What is the doctrine of republication by codicil?

A

A will is treated as having been executed on the date of the last validly executed codicil hereto.

79
Q

What is incorporation by reference and what are the three requirements?

A

Allows testator to incorporate an extraneous document into their will. The effect is that the content of the extraneous document is treated as though it was written into the will itself, even if the document was not witnessed or it was informally written in handwriting.

Requirements
1. The document must be in existence at the time the will was executed.

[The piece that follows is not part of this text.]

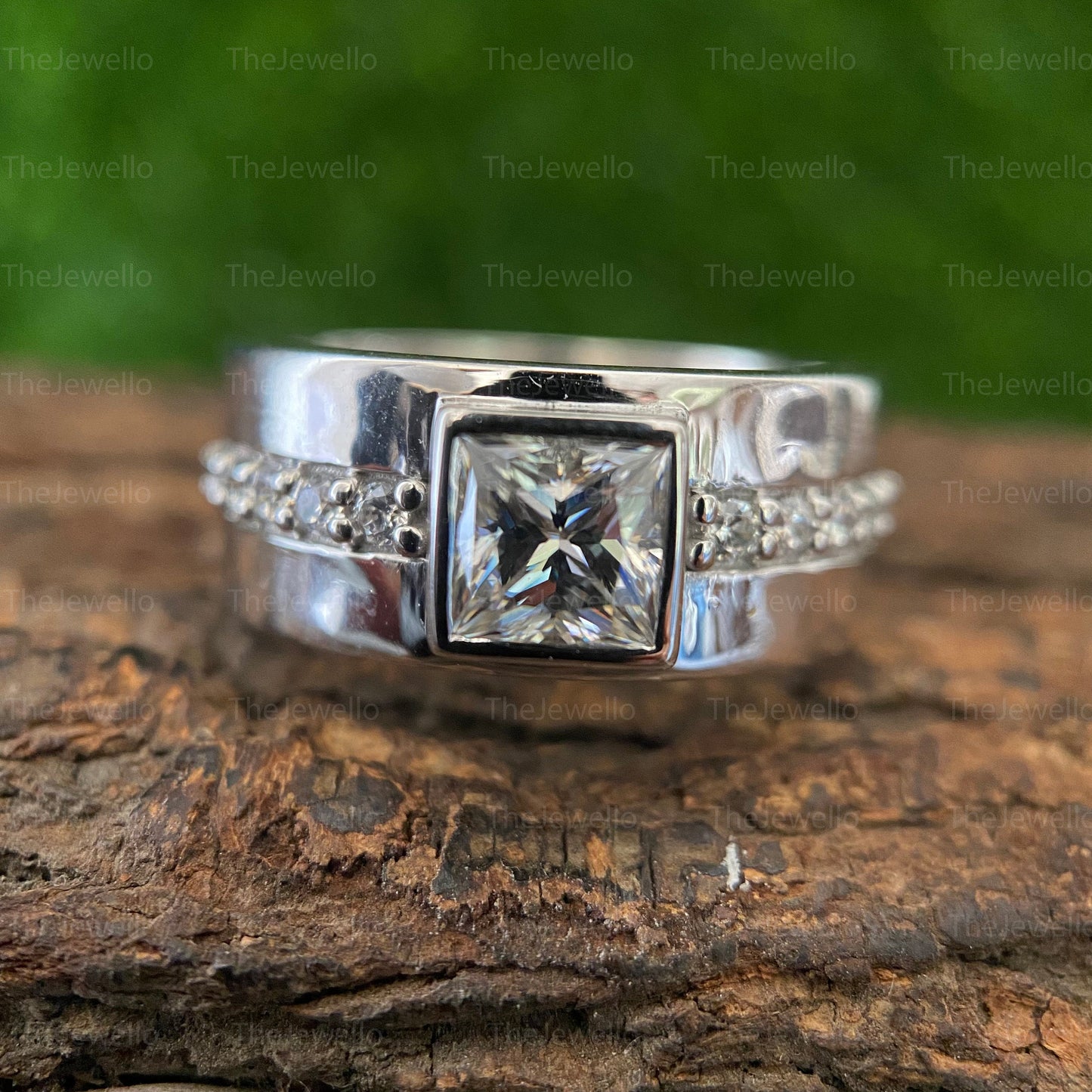Princess Cut Solitaire Ring for Men Moissanite Men Engagement Ring Office Wear Ring, Anniversary Gift Ring, Gift for him, Christmas Gift

  1. The will must refer to the document as being in existence; and
  2. The will must identify and describe the document with reasonable certainty.
80
Q

What is the exception for list disposing of items of tangible personal property?

A

A will may refer to a written statement or list that disposes of items of tangible personal property not specifically bequeathed by the will itself. The writing may be referred to as one in existence at the time of the testator’s death. It may be prepared before or after the will’s execution, and it may be altered by the testator at any time. Although it does not need to be witnessed, the writing must be signed by the testator and describe the items and beneficiaries with reasonable certainty.

81
Q

What is the exception for instructions to fiduciary as to exercise of discretionary powers?

A

If a will, trust, or power of attorney gives a fiduciary the power to make discretionary distributions to beneficiaries, or gives them the power to make health care decisions for the maker, a letter to the fiduciary as to how the discretionary power should be interpreted can be incorporated by reference into the will, trust, or power of attorney. The letter can be written before or after execution of the will, trust, or power of attorney, but it must be signed and notarized.

82
Q

What are acts of independent significance?

A

A will may dispose of property by reference to acts and events that have significance apart from their effect on the dispositions made by the will. The act must have some other lifetime significance or motive aside from providing for the testamentary gift. The future act may relate to the identification of the beneficiaries or identification of the property that is to be the subject matter of a bequest.

83
Q

What does “personal property” mean in a bequest for personal property

A

Tangible (furniture, jewelry, art) AND intangible (stocks, bonds, etc.).